Fig. 4: Distributions of constrained and unconstrained GSAT changes.
figure 4

a,b, GSAT changes are in 2081–2100 (SSP5-8.5 in a and SSP1-2.6 in b) relative to 1850–1900. The black curves show unconstrained projections, while the blue curves show projections constrained using the raw GSAT trend as a predictor. The red curves show projections constrained using the GSAT trend with ETP internal variability removed as a predictor (the scatter plot illustrating the PDF can be found in Extended Data Fig. 8). The corresponding 5–95% uncertainty ranges are shown by the horizonal lines with means shown as vertical tick marks. The orange lines show IPCC-assessed projections33,34. The grey lines show constrained projections from multivariate linear regression models, based on a set of climatological metrics derived from tropical and subtropical low-level cloud. Following Liang et al.6, the first of these two cloud metrics is derived from the regression coefficient of monthly marine boundary layer cloud fraction against SST changes across the seasonal cycle averaged over the subtropics. The second cloud metric characterizes cloud shallowness defined by Brient et al.10 based on the ratio of cloud fraction at levels below 900 hPa to that below 800 hPa over weakly subsiding tropics based on a climatology over the 1980–2005 period. The faint grey vertical line in b marks the 2 °C global warming threshold of the Paris Agreement. Similar results relative to the base period 1995–2014 are shown in Extended Data Fig. 7.

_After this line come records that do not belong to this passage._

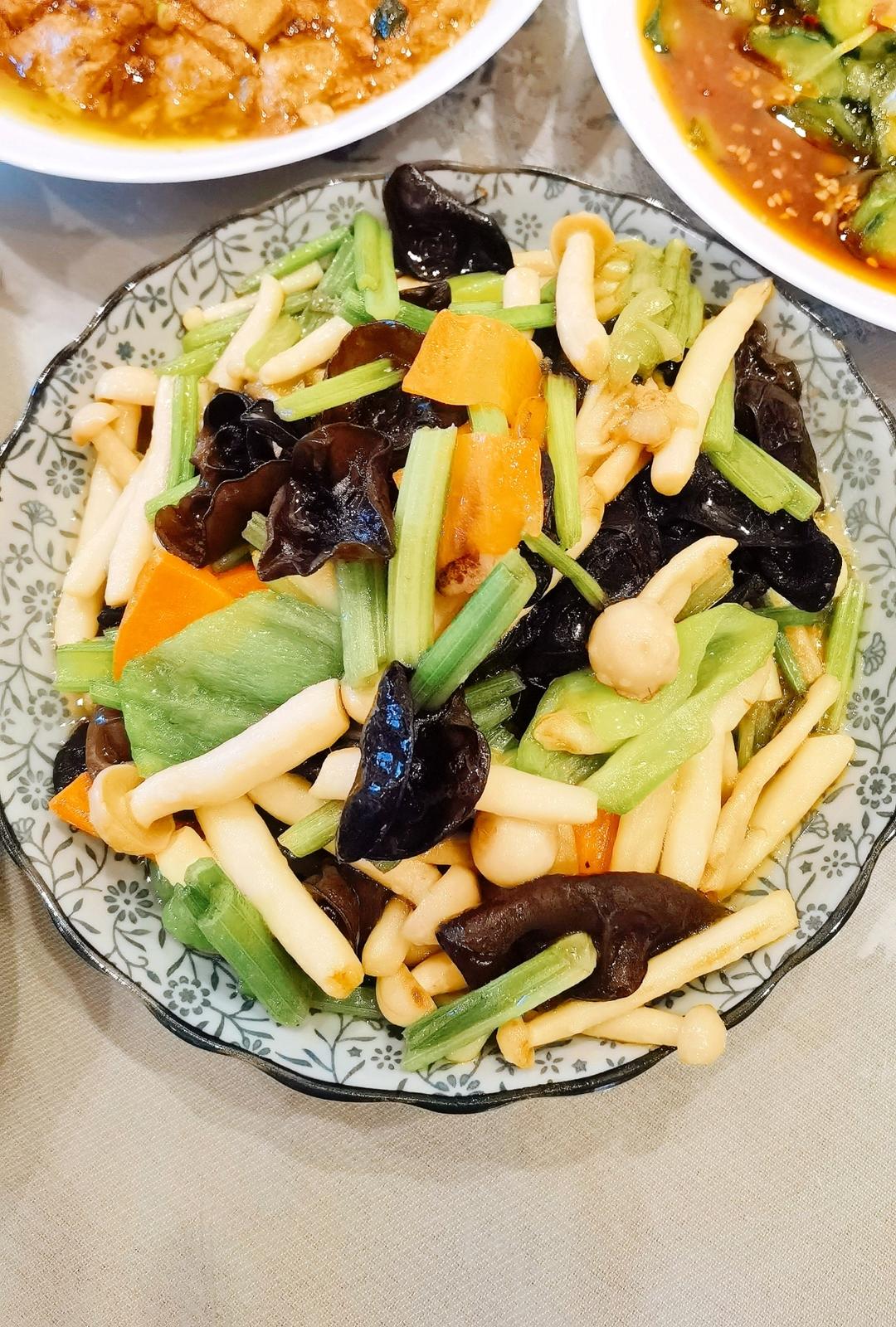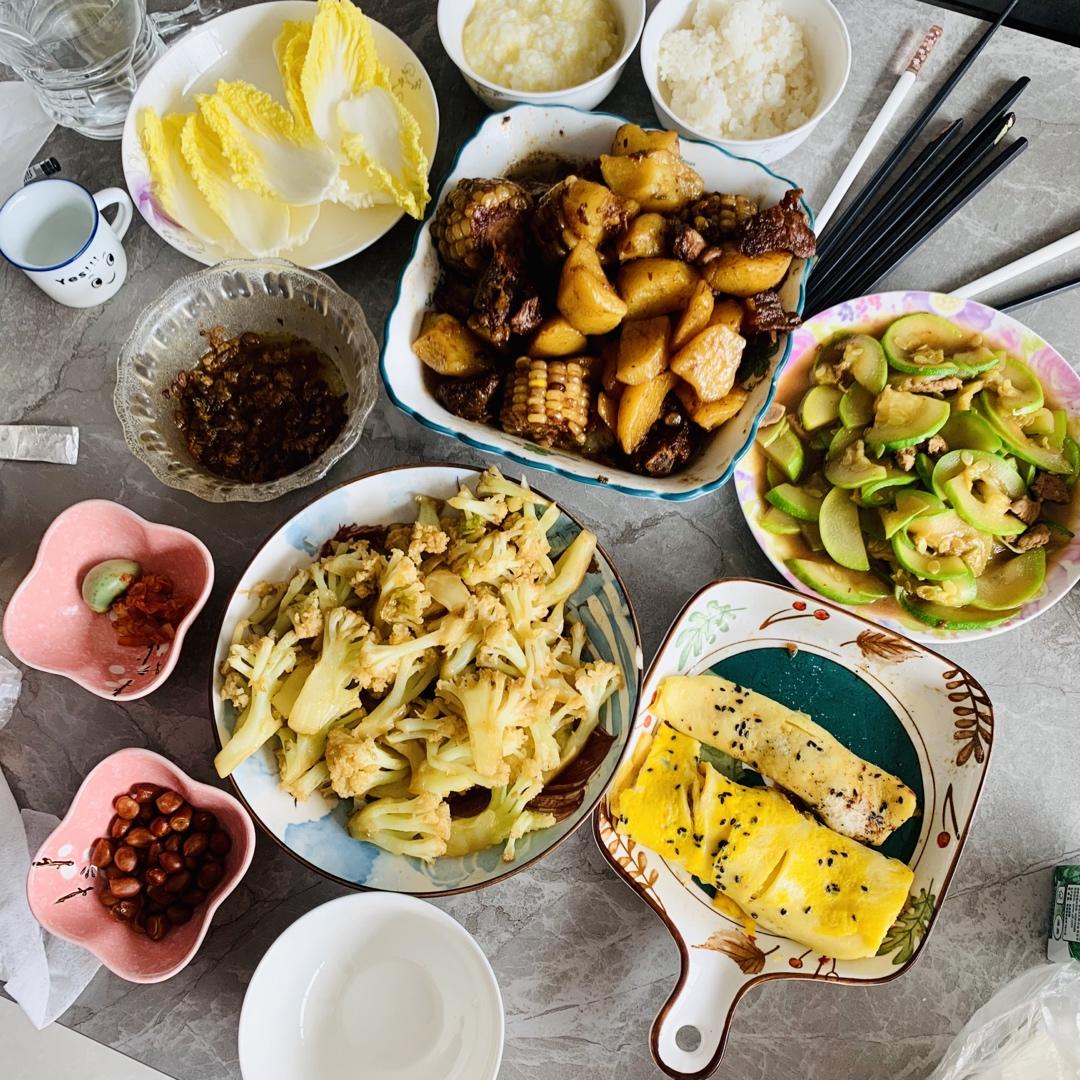 酱骨头,芸豆炖土豆,尖椒炒青椒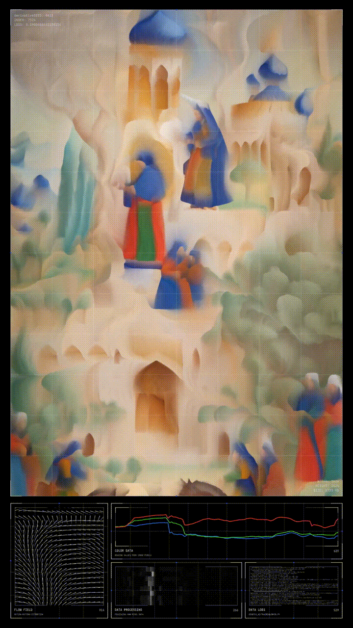 "Muraqqa: Neural Impressions" is a captivating journey through time and technology, where ancient miniature paintings come to life through the modern marvels of machine intelligence. Orkhan Mammadov, bridging his Azerbaijani heritage with his expertise in data visualisation, transforms 111 miniature masterpieces into animated 'data miniatures.' These artworks, once static windows into bygone eras, now dance with life and color, thanks to Diffusion and GAN models. Each piece, a part of a grander narrative spanning from the Mughal, Deccan, and Isfahan schools, is revitalized, allowing the intricate tales of royal life and Persian calligraphy to resonate anew. This series is not just a display of artistic finesse; it is a testament to the timeless nature of storytelling, where history is reimagined and preserved through the symphony of silicon and code, echoing the UNESCO mission of fostering cultural exchange and immortalizing our shared heritage.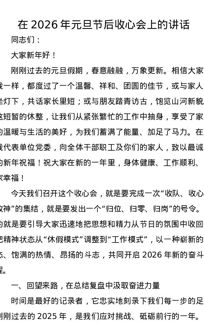 在2026年元旦节后收心会上的讲话

The GSAT trend predictor with the unforced ETP variability removed thus results in a higher constrained mean and narrower constrained uncertainty range, compared with projections constrained with the raw GSAT trend (Fig. 4). The projections constrained using the GSAT trend with the unforced ETP variability removed are also in closer agreement with the projections constrained using climatological cloud metrics (Fig. 4), which are only weakly affected by internal variability6.


Much of the difference between observed historical GSAT trends and historical GSAT trends in individual climate model simulations is associated with unforced internal variability in the ETP region. While the ETP region covers only 8.2% of the global surface, it can significantly impact low-frequency GSAT variability17. This is because the Earth’s energy budget, particularly the feedback related to low-level clouds in the tropical Pacific, is highly sensitive to SSTs in the ETP region. We find large internal variability in the ETP trend and a strong connection between ETP variability and GSAT trend variability in CMIP6 simulations. To produce a more robust emergent constraint, we remove the variability in the GSAT trend congruent with unforced variability in the ETP region.

The observed GSAT trend over the 1970–2022 period with ETP-congruent internal variability removed is close to the CMIP6 multi-model mean trend, in contrast to the raw observed trend, which is well below the CMIP6 multi-model mean trend. Assessing the emergent relationship with an imperfect model test, we obtain more accurate projections with narrower uncertainties by applying the past GSAT trend with ETP-congruent internal variability removed as a constraint. Hence, by appropriately removing internal variability, we can enhance the emergence of the forced signal within the historical predictor. This enables us to better constrain projected warming.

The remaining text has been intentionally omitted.